Last week, online education startup Coursera added twelve new university partners and raised an additional $6 million, bringing their venture funding to over $22 million.
Coursera is a free online education platform offering interactive college courses. The intention of the one-year-old company is to bring classes from top-tier universities to the public for free. Last Tuesday their dream came true, or started to.
On this day a dozen major universities-CalTech, Duke, University of Virginia, Georgia Tech, University of Washington, Rice, Johns Hopkins, University of California San Francisco, University of Illinois Urbana-Champagne, University of Toronto, University of Edinburgh, and Switzerland’s Ecole Polytechnique Federale de Lausanne-announced their partnership with Coursera. Coursera was already working with Stanford, Princeton, the University of Pennsylvania, and the University of Michigan.
Coursera is one of several initiatives emerging. The joint Harvard-MIT project edX and Udacity are among the other high-profile free online university startups.
“I like to compare it to film,” explained Sebastian Thrun to Education News. Thurn is a Stanford professor and the founder of Udacity. “Before film there was theater-small casting companies reaching 300 people at a time. Then celluloid was invented, and you could record something and replicate it. A good movie wouldn’t reach 300 but 3,000, and soon 300,000 and soon three million. That changed the economics.”
While Udacity is offering only 11 classes thus far, Coursera’s partner universities will be offering over 100 courses this fall. Four of the classes began on Monday: Listening to World Music, Fantasy and Science Fiction, Internet History and Intro to Finance. The courses, called MOOCs, or massive open online courses, can reach many more people than a traditional class; they are capable of delivering lessons to more than 100,000 students at a time, according to The Atlantic.
That number will only expand as they begin to translate their courses and offer classes in different languages, which they have started to do. EPF Lausanne has begun offering courses in French. Their “Introduction a la Programmation Objet”, or Introduction to Object Programming, will be offered this fall.
Revenue possibilities for Coursera could involve career placement services or charging students for certificates from partner universities. The certificates, which might be pdf documents or badges shareable on social networks like LinkedIn, Facebook, and Google+, would be branded with the university’s name and sold to the students. For now, only one university has said it will offer credit for the classes-the University of Washington. For the others, the certificate would only signify completion of the course.
Other sources of income Coursera is considering include having students pay to take identity-verified tests at specified testing locations, an option that would enhance the value of the certificate for the class by confirming that the student learned the information themselves and did not cheat.
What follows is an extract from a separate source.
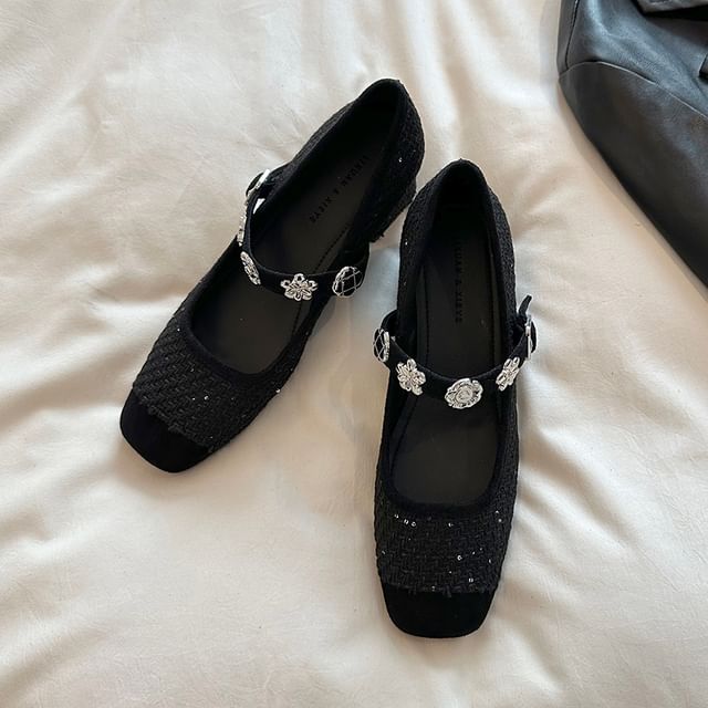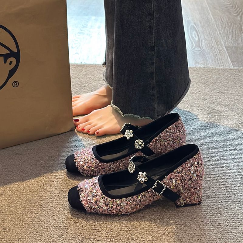 Chunky Heel Sequin Metal Accent Mary Jane Pumps

Coursera is also discussing offering services such as paid tutors, recruiting ad-sponsorship, and potentially charging tuition fees for offering online courses on university campuses. This last option is already occurring as apart of their partnership with the University of Washington, according to the Chronicle.
Coursera is agreeing to pay the universities 6 to 15 percent of their revenues, while they will retain 20 percent of the gross profits. The site will be an opportunity for the universities to market themselves to the community, and to learn about and improve in their own experiment of providing online education without having to develop the technology infrastructure themselves. Also important: the universities that design courses for Coursera will retain the rights to their work.
For now, though, university financial contribution to the venture is still a risk. However, it is also potentially an important investment, for them and for the future of education itself. The Atlantic deems the Coursera initiative “the single most important experiment in higher education.”
“Lectures came about several hundred years ago when there was only one copy of the book, and the only person who had it was the professor,” Coursera co-founder Daphne Koller said to The Atlantic. “The only way to convey the content was for the professor to stand at the front of the room and read the book. One would hope that we had better capabilities these days.”
However, as to whether Coursera will ever become competition for the traditional universities that provide its courses, other co-founder Andrew Ng believes it won’t. The real value of attending elite schools such as Caltech, he told The Atlantic, is the time spent working directly with the professors and other students. Ng believes that Coursera gives schools the potential to improve that interaction by putting their lectures online.
Dr. Edward Tenner, a historian of technology and culture, proposes that easy access to quality, college-level online education will increase competition for spaces at the traditional top-tier colleges. Others, meanwhile, question what might happen to traditional non-Ivy league schools. According to Harvard Business School professor and disruptive innovation expert Clayton Christensen, half of North American higher education will move online in the next ten years, with K-12 following by 2019.
While the world of online education is still developing, initiatives like Coursera are major steps towards a quality and free public college education, provided for all. 360 Education Solutions is excited for this innovative step in online education, and hopes to bring you more information soon.